Why Did the Seller Reject an Offer for That Home?

reject offerWhy the seller rejected an offer to buy a home is really not all that important but it doesn’t mean a buyer might not want to know. Moreover, it might be the buyer’s agent who is more curious about why than the buyer. In my earlier years of real estate, like back when Jimmy Carter was in office, I would often feel like I was helping a buyer’s agent by explaining how the buyer could do better next time, but over the years I’ve come to conclude that trying to help was about the dumbest thing I could do. It’s not my place to try to help. I’m just the listing agent.

First, it doesn’t matter why the offer was rejected, the fact is it was. It didn’t meet some sort of criteria. There could be a bazillion reasons why an offer could be rejected but after the seller has accepted another offer, there is nothing the rejected buyer can do but wait for that buyer to cancel. If the seller is so inclined, the seller could agree to sign a backup offer with the buyer but many sellers dislike backup offers. They often prefer to retain the freedom to respond to fluctuations of the real estate market in the event prices later rise.

Second, short of discrimination / violating Fair Housing Laws, the seller can reject an offer for just about any reason.
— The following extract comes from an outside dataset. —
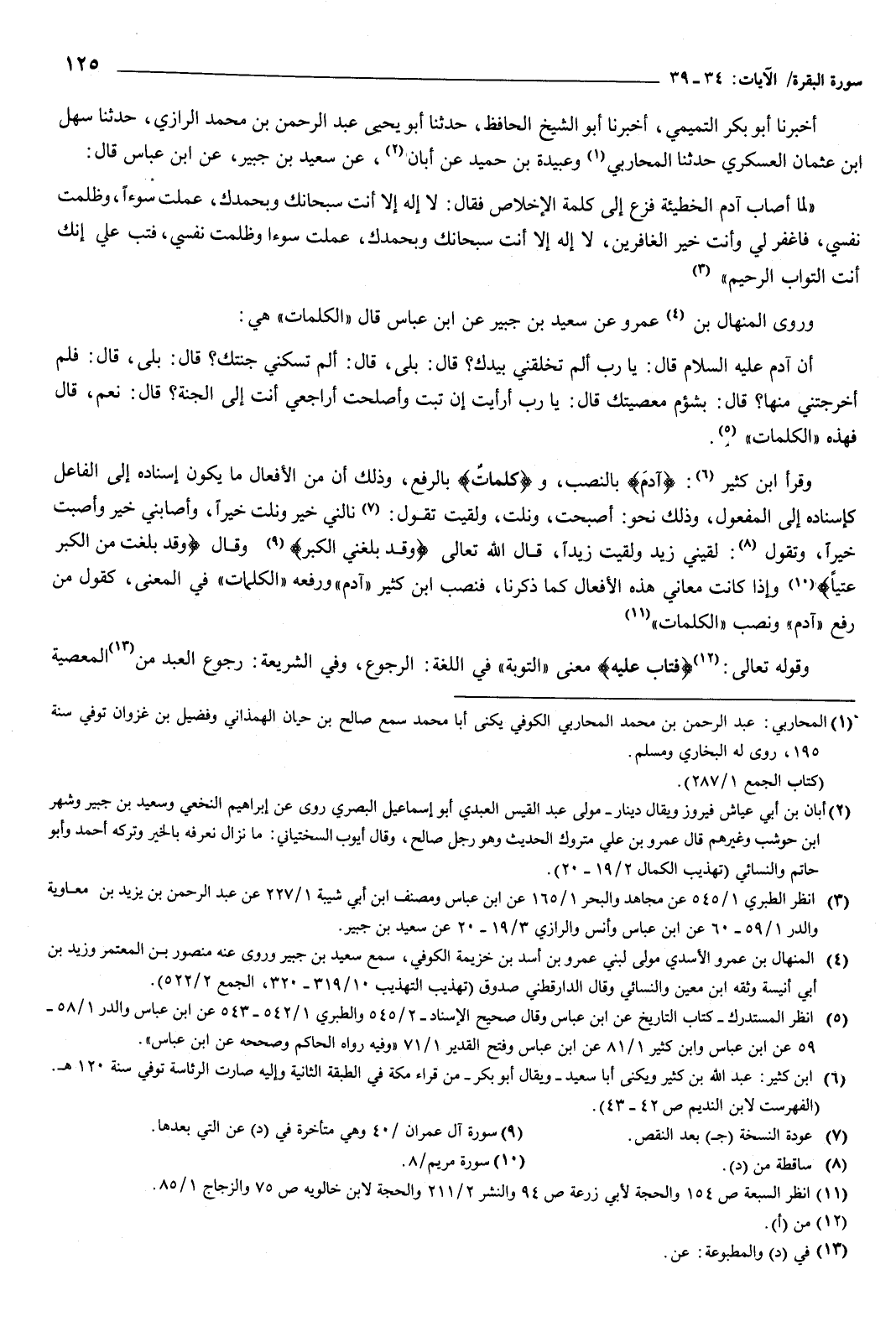 34 - وَرَوَى الْمِنْهَالُ بْنُ عَمْرٍو، عَنْ سَعِيدِ بْنِ جُبَيْرٍ، عَنِ ابْنِ عَبَّاسٍ قَالَ: «الْكَلِمَاتُ» هِيَ: أَنَّ آدَمَ عَلَيْهِ السَّلامُ، قَالَ: يَا رَبِّ أَلَمْ تَخْلُقْنِي بِيَدِكَ؟ قَالَ: بَلَى، قَالَ: أَلَمْ تُسْكِنِّي جَنَّتَكَ؟ قَالَ: بَلَى، قَالَ: فَلِمَ أَخْرَجْتَنِي مِنْهَا؟ قَالَ: بِشُؤْمِ مَعْصِيَتِكَ، قَالَ: يَا رَبِّ، أَرَأَيْتَ إِنْ تُبْتُ وَأَصْلَحْتُ أَرَاجِعِي أَنْتَ إِلَى الْجَنَّةِ؟ قَال: نَعَمْ، قَالَ: فَهَذِهِ «الْكَلِمَاتُ»

Sometimes it’s a toss of the dice.

Maybe you could look at it like a point system. Offers need to meet certain points. There is price, of course, terms of agreement, length of escrow, type of loan, possession dates, lender reputations, buyer’s agent reputations, amount of earnest money deposit, even to how the offer is written — whether error free, and each carries weight. When I try to help a seller weigh an offer against others, we add up the positives and look at the negatives. A negative would be a possible bad situation or red flag that could prevent the escrow from closing.

The final choice is always the seller’s. Anything I were to disclose to a buyer’s agent about why their buyer’s offer did not measure up would be subjective on my part and could open my seller to a potential lawsuit, so I don’t go there. My lips are zipped. Yeah, I might know what the seller told me as to why your offer was rejected, but unless I am representing a buyer under those circumstances, which I am not, those reasons will never pass through my lips.

Why the seller elected to reject an offer is not the buyer’s business.